_Instructions to follow_. Would you write out all of the records that follow, exactly as they stand?

[Collected data entries]
◇ ◇ ◇ ◇
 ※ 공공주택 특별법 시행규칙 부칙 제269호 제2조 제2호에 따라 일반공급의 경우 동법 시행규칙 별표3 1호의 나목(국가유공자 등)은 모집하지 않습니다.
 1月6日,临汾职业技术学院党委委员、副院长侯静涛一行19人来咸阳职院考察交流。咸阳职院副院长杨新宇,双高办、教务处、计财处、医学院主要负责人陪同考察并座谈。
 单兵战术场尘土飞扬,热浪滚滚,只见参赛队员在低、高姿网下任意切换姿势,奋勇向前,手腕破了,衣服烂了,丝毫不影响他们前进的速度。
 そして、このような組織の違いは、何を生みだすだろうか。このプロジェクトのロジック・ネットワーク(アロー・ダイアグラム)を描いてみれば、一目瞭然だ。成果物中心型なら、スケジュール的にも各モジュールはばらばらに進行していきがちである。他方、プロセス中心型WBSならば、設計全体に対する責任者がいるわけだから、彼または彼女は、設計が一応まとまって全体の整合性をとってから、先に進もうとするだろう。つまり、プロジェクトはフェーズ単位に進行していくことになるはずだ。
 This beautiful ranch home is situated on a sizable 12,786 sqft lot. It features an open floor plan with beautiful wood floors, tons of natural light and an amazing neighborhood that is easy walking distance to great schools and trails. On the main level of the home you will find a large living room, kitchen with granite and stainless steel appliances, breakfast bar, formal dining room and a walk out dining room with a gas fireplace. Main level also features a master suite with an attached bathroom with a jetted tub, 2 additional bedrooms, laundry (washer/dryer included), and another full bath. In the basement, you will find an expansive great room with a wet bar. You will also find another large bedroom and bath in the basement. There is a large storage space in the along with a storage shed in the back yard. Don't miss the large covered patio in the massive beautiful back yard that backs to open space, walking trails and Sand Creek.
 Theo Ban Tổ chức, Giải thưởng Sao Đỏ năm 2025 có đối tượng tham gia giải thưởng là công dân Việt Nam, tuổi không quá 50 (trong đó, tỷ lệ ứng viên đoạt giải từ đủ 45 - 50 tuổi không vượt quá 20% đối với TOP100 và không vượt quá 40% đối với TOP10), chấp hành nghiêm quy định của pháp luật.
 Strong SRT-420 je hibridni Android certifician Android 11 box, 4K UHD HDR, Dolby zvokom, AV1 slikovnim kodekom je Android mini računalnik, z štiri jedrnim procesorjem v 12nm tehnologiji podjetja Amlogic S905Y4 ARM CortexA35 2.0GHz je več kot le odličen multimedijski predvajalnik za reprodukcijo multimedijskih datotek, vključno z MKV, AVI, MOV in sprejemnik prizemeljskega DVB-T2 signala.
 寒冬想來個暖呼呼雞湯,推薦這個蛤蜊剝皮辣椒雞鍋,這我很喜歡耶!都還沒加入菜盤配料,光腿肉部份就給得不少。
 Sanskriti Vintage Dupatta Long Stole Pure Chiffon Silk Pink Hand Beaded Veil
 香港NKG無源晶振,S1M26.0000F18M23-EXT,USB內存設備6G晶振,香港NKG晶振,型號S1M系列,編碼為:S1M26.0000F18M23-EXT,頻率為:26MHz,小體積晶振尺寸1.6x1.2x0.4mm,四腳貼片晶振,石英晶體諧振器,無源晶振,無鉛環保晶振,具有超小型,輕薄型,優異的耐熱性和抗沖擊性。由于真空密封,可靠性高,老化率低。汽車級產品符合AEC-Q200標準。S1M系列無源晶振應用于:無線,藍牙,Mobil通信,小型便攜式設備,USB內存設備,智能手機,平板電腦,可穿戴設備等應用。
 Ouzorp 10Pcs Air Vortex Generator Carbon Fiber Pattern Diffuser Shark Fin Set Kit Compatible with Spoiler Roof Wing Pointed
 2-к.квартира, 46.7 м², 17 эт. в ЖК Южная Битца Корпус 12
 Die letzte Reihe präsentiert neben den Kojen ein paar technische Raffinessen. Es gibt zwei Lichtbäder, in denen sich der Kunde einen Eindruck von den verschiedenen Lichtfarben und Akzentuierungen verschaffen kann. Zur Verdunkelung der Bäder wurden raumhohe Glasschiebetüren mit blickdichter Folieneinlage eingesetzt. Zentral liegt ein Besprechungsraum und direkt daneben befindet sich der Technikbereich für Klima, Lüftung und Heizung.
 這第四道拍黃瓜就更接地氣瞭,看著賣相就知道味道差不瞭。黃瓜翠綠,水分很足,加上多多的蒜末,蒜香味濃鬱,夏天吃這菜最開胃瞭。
◇ ◇ ◇ ◇
_Answer to this task_.
 ※ 공공주택 특별법 시행규칙 부칙 제269호 제2조 제2호에 따라 일반공급의 경우 동법 시행규칙 별표3 1호의 나목(국가유공자 등)은 모집하지 않습니다.
 1月6日,临汾职业技术学院党委委员、副院长侯静涛一行19人来咸阳职院考察交流。咸阳职院副院长杨新宇,双高办、教务处、计财处、医学院主要负责人陪同考察并座谈。
 单兵战术场尘土飞扬,热浪滚滚,只见参赛队员在低、高姿网下任意切换姿势,奋勇向前,手腕破了,衣服烂了,丝毫不影响他们前进的速度。
 そして、このような組織の違いは、何を生みだすだろうか。このプロジェクトのロジック・ネットワーク(アロー・ダイアグラム)を描いてみれば、一目瞭然だ。成果物中心型なら、スケジュール的にも各モジュールはばらばらに進行していきがちである。他方、プロセス中心型WBSならば、設計全体に対する責任者がいるわけだから、彼または彼女は、設計が一応まとまって全体の整合性をとってから、先に進もうとするだろう。つまり、プロジェクトはフェーズ単位に進行していくことになるはずだ。
 This beautiful ranch home is situated on a sizable 12,786 sqft lot. It features an open floor plan with beautiful wood floors, tons of natural light and an amazing neighborhood that is easy walking distance to great schools and trails. On the main level of the home you will find a large living room, kitchen with granite and stainless steel appliances, breakfast bar, formal dining room and a walk out dining room with a gas fireplace. Main level also features a master suite with an attached bathroom with a jetted tub, 2 additional bedrooms, laundry (washer/dryer included), and another full bath. In the basement, you will find an expansive great room with a wet bar. You will also find another large bedroom and bath in the basement. There is a large storage space in the along with a storage shed in the back yard. Don't miss the large covered patio in the massive beautiful back yard that backs to open space, walking trails and Sand Creek.
 Theo Ban Tổ chức, Giải thưởng Sao Đỏ năm 2025 có đối tượng tham gia giải thưởng là công dân Việt Nam, tuổi không quá 50 (trong đó, tỷ lệ ứng viên đoạt giải từ đủ 45 - 50 tuổi không vượt quá 20% đối với TOP100 và không vượt quá 40% đối với TOP10), chấp hành nghiêm quy định của pháp luật.
 Strong SRT-420 je hibridni Android certifician Android 11 box, 4K UHD HDR, Dolby zvokom, AV1 slikovnim kodekom je Android mini računalnik, z štiri jedrnim procesorjem v 12nm tehnologiji podjetja Amlogic S905Y4 ARM CortexA35 2.0GHz je več kot le odličen multimedijski predvajalnik za reprodukcijo multimedijskih datotek, vključno z MKV, AVI, MOV in sprejemnik prizemeljskega DVB-T2 signala.
 寒冬想來個暖呼呼雞湯,推薦這個蛤蜊剝皮辣椒雞鍋,這我很喜歡耶!都還沒加入菜盤配料,光腿肉部份就給得不少。
 Sanskriti Vintage Dupatta Long Stole Pure Chiffon Silk Pink Hand Beaded Veil
 香港NKG無源晶振,S1M26.0000F18M23-EXT,USB內存設備6G晶振,香港NKG晶振,型號S1M系列,編碼為:S1M26.0000F18M23-EXT,頻率為:26MHz,小體積晶振尺寸1.6x1.2x0.4mm,四腳貼片晶振,石英晶體諧振器,無源晶振,無鉛環保晶振,具有超小型,輕薄型,優異的耐熱性和抗沖擊性。由于真空密封,可靠性高,老化率低。汽車級產品符合AEC-Q200標準。S1M系列無源晶振應用于:無線,藍牙,Mobil通信,小型便攜式設備,USB內存設備,智能手機,平板電腦,可穿戴設備等應用。
 Ouzorp 10Pcs Air Vortex Generator Carbon Fiber Pattern Diffuser Shark Fin Set Kit Compatible with Spoiler Roof Wing Pointed
 2-к.квартира, 46.7 м², 17 эт. в ЖК Южная Битца Корпус 12
 Die letzte Reihe präsentiert neben den Kojen ein paar technische Raffinessen. Es gibt zwei Lichtbäder, in denen sich der Kunde einen Eindruck von den verschiedenen Lichtfarben und Akzentuierungen verschaffen kann. Zur Verdunkelung der Bäder wurden raumhohe Glasschiebetüren mit blickdichter Folieneinlage eingesetzt. Zentral liegt ein Besprechungsraum und direkt daneben befindet sich der Technikbereich für Klima, Lüftung und Heizung.
 這第四道拍黃瓜就更接地氣瞭,看著賣相就知道味道差不瞭。黃瓜翠綠,水分很足,加上多多的蒜末,蒜香味濃鬱,夏天吃這菜最開胃瞭。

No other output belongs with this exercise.